Great point. If my personal AI assistant cannot find your product/website/content, it effectively may no longer exist! For me. Ain't nobody got the time to go searching that stuff up and sifting through the AI slop. The pendulum may even swing the other way and the publishers may need to start paying me (or whoever my gatekeeper is) for access to my space...

gosub100 7 hours ago||

But wait, I thought AI was so great for all industries? Publishers can have AI-generated articles, and instantly fix grammar problems, And translate it seamelessly to every language, and even use AI-generated images where appropriate to enrich the article. It was going to make us all so productive? What happened? Why would you want to _block_ AI from ingesting the material?

colesantiago 8 hours ago||

I fear that these news publishers would come after RSS next as I see hundreds of AI companies misusing the terms of the news publishers's RSS feed for profit on mass scraping.

They do not care and we will be all worse off for it if these AI companies keep continuing to bombard news publishers RSS feeds.

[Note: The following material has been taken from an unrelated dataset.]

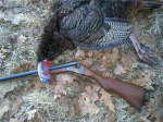 I picked him up yesterday morning at 4:30 ad we were sitting under a tree on the edge of a hay field by 4:50.  Legal light was 4:59.  I set up a feeding hen decoy 20 yards in front of us and set my Foxpro on the ground under the decoy.  At 5am I turned the call to hen clucks.  A turkey gobbled way across the field and in the woods at our "1 o'clock."  I would hit the caller, he would gobble every 2 minutes or so. Every time that he gobbled we could tell he was getting closer. About 5:15 he appeared on the edge of the field. He hung around there a few minutes. I hit the caller again and he started running toward the decoy. He ran about 200 yards to get to us. He stopped at 30 yards and Dad shot him with one of my old Nitro Special double 12's. This gun is 11 years older than Dad.biggrin  One shot to the head dropped him. To make it more special for me, he used one of my reloads. Low brass 2 and 3/4" cartridge, 1 and 1/8 ounce of #5 shot. Having the Foxpro right with the decoy and away from us really helped to cover our movements.

It is a shame that the open web as we know it is closing down because of these AI companies.

kevincloudsec 9 hours ago||

There's a compliance angle to this that nobody's talking about. Regulatory frameworks like SOC 2 and HIPAA require audit trails and evidence retention. A lot of that evidence lives at URLs. When a vendor's security documentation, a published incident response, or a compliance attestation disappears from the web and can't be archived, you've got a gap in your audit trail that no auditor is going to be happy about.

I've seen companies fail compliance reviews because a third-party vendor's published security policy that they referenced in their own controls no longer exists at the URL they cited. The web being unarchivable isn't just a cultural loss. It's becoming a real operational problem for anyone who has to prove to an auditor that something was true at a specific point in time.

iririririr 7 hours ago||

This is new to me, so I did a quick search for a few examples of such documents.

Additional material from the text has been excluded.